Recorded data
'''

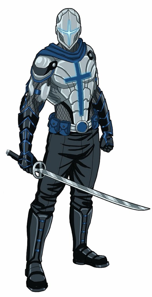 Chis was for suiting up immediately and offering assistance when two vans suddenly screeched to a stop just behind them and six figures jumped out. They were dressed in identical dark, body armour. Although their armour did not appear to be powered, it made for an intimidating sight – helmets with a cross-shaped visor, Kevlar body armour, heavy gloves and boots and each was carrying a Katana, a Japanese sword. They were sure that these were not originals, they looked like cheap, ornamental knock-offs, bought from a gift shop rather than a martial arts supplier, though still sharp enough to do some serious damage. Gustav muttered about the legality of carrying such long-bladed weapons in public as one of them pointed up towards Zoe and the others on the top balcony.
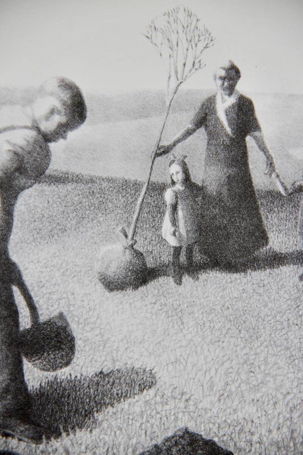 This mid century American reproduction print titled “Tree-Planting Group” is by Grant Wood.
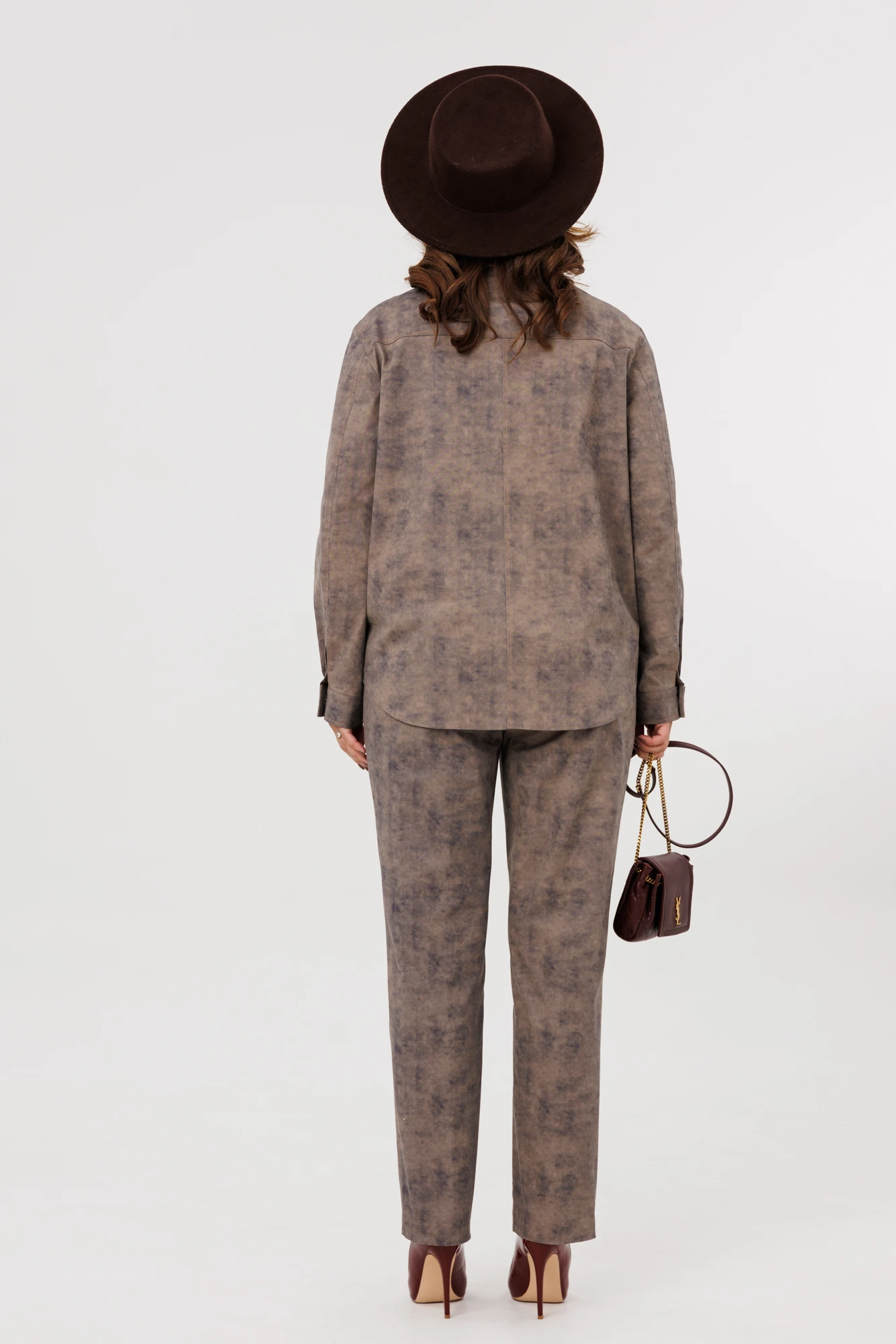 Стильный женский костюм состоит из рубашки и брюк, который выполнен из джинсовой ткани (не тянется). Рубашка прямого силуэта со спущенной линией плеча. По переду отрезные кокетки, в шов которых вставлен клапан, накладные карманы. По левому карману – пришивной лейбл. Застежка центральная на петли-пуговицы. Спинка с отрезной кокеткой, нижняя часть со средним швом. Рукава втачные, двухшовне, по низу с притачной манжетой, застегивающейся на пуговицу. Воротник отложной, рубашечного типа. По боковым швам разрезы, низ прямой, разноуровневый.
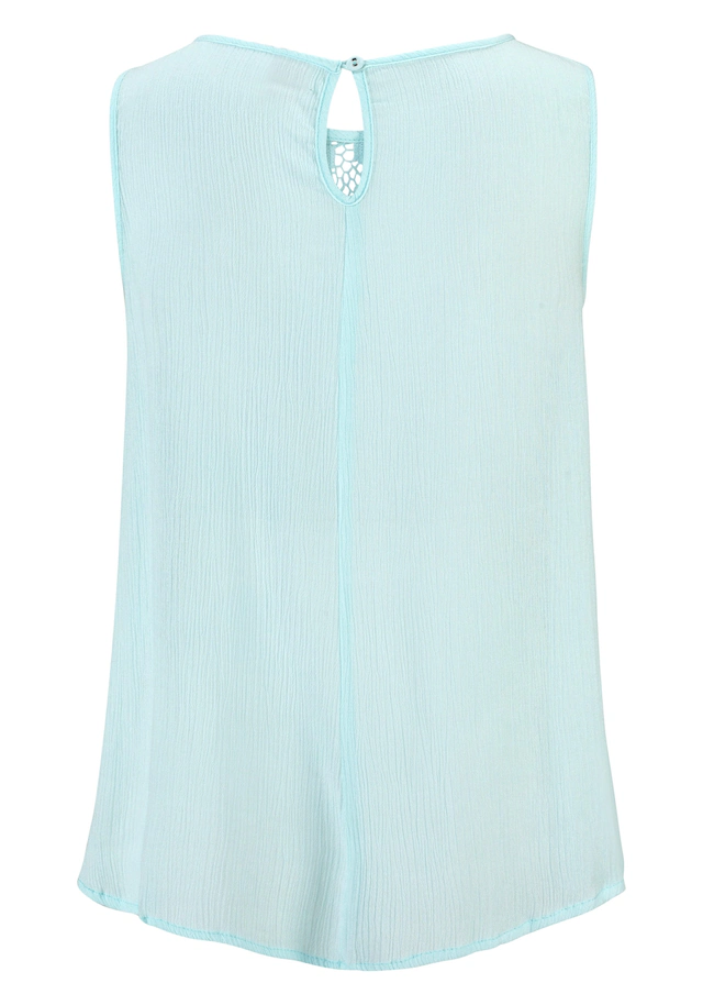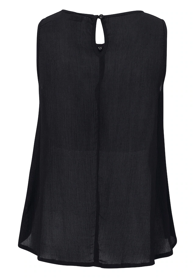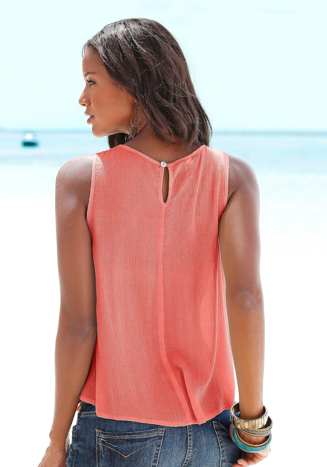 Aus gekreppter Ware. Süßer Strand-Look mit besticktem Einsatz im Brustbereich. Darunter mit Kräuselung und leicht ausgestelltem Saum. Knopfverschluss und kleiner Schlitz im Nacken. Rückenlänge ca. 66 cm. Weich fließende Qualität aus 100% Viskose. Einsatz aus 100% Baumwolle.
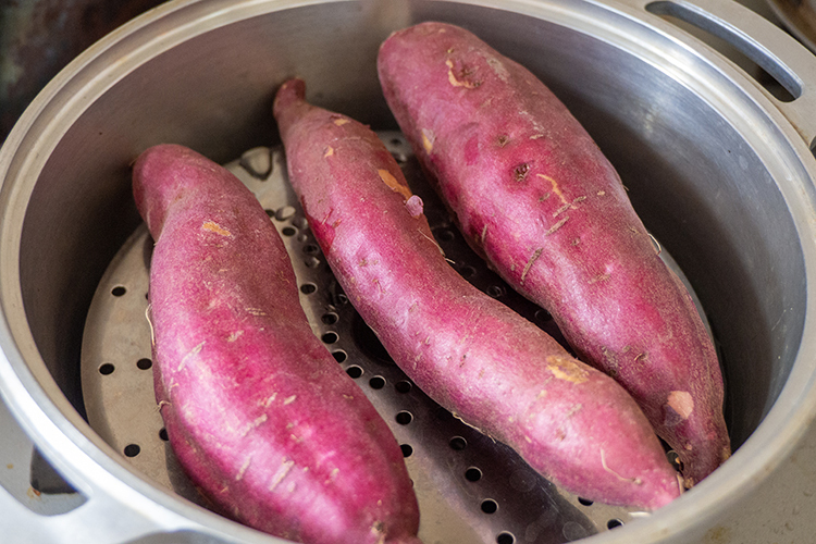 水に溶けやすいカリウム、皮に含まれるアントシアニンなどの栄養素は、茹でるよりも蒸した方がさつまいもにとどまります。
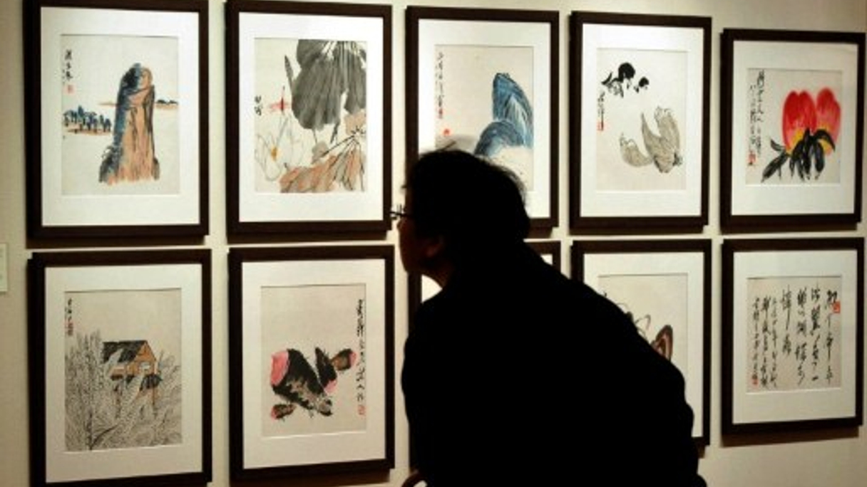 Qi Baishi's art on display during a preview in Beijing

'''

* [EXERCISE INSTRUCTIONS]: Give all the entries again exactly, dropping each picture.

* [OUTPUT]:
 Chis was for suiting up immediately and offering assistance when two vans suddenly screeched to a stop just behind them and six figures jumped out. They were dressed in identical dark, body armour. Although their armour did not appear to be powered, it made for an intimidating sight – helmets with a cross-shaped visor, Kevlar body armour, heavy gloves and boots and each was carrying a Katana, a Japanese sword. They were sure that these were not originals, they looked like cheap, ornamental knock-offs, bought from a gift shop rather than a martial arts supplier, though still sharp enough to do some serious damage. Gustav muttered about the legality of carrying such long-bladed weapons in public as one of them pointed up towards Zoe and the others on the top balcony.
 This mid century American reproduction print titled “Tree-Planting Group” is by Grant Wood.
 Стильный женский костюм состоит из рубашки и брюк, который выполнен из джинсовой ткани (не тянется). Рубашка прямого силуэта со спущенной линией плеча. По переду отрезные кокетки, в шов которых вставлен клапан, накладные карманы. По левому карману – пришивной лейбл. Застежка центральная на петли-пуговицы. Спинка с отрезной кокеткой, нижняя часть со средним швом. Рукава втачные, двухшовне, по низу с притачной манжетой, застегивающейся на пуговицу. Воротник отложной, рубашечного типа. По боковым швам разрезы, низ прямой, разноуровневый.
 Aus gekreppter Ware. Süßer Strand-Look mit besticktem Einsatz im Brustbereich. Darunter mit Kräuselung und leicht ausgestelltem Saum. Knopfverschluss und kleiner Schlitz im Nacken. Rückenlänge ca. 66 cm. Weich fließende Qualität aus 100% Viskose. Einsatz aus 100% Baumwolle.
 水に溶けやすいカリウム、皮に含まれるアントシアニンなどの栄養素は、茹でるよりも蒸した方がさつまいもにとどまります。
 Qi Baishi's art on display during a preview in Beijing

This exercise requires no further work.